The mounting seat 11 is in the shape of a cuboid and is used to support each component of the partition assembly 10 . The mounting base 11 has a first end surface 111 and a second end surface 112 , the first end surface 111 is configured as a planar structure facing the rear side, and the second end surface 112 is configured as a planar structure opposite to the first end surface 111 .

The engaging portion 12 is provided on the first end surface 111 of the mounting seat 11 and can engage with the storage wall 30 described later from above. For details of the engaging portion 12, refer to FIG. 4 and the like.

The first rotating member 14 is rotatably disposed on the second end surface 112 of the mounting base 11 . Specifically, the first rotating member 14 has a length direction extending in the vertical direction.

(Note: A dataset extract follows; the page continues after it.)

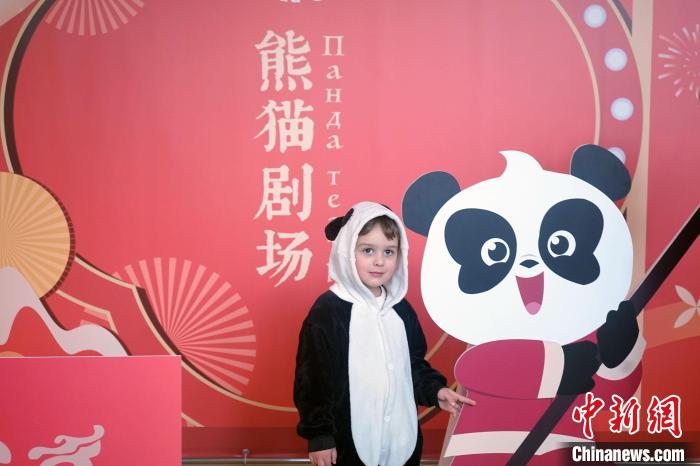 當?shù)貢r間2月17日,“中國影視節(jié)目俄羅斯青少年配音大賽”和新春游園系列活動在莫斯科舉行。圖為活動現(xiàn)場身穿熊貓服裝的俄羅斯小朋友。(主辦方供圖)

The upper end of the first rotating member 14 is rotatably connected to the mounting base 11 through a rotating shaft 18 extending along the left-right direction.

The second rotating member 15 has a plate structure and is rotatably connected to the first rotating member 14 . In the storage state shown in FIG. 1 , the upper and lower ends of the right side of the second rotating member 15 are rotatably connected to the first rotating member 14 . The second rotating member 15 is used to separate the storage area 31 .

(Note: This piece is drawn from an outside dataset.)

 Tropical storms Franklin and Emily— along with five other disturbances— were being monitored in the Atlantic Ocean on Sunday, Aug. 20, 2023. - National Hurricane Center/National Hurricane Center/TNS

When the first rotating member 14 and the second rotating member 15 are in the stored state shown in FIG. 1 , they are attached to the second end surface 112 of the mounting base 11 . Specifically, the rear surfaces of the first rotating member 14 and the second rotating member 15 are in close contact with the second end surface 112 of the mounting base 11 . With this structure, when the partition assembly 10 is in the storage state, the first rotating member 14 and the second rotating member 15 do not protrude forward, and the partition assembly 10 as a whole can be made more compact.

The support member 16 is used to support the first rotating member 14 and can limit the rotation range of the partition assembly 10 . The upper end of the supporting member 16 is rotatably connected to the middle position of the first rotating member 14 through the rotating shaft 17 . The lower end of the support member 16 is located inside the mounting base 11 and is slidably connected with the mounting base 11 .

FIG. 2 is an exploded perspective view of the front view of the partition assembly 10 . FIG. 3 is an exploded perspective view of the rear view of the divider assembly 10 .

The partition assembly 10 has a second rotating member 15 , a first rotating member 14 , a supporting member 16 , a mounting seat 11 , an engaging portion 12 and an adjusting member 13 in order from front to rear.

The second rotating member 15 has a plate-like structure and is used to separate the plate storage area 31 . A concave rotating groove 151 is formed on the upper end and the lower end of the right side of the second rotating member 15 . The second rotating member 15 can rotate around the rotation groove 151 as a rotation center.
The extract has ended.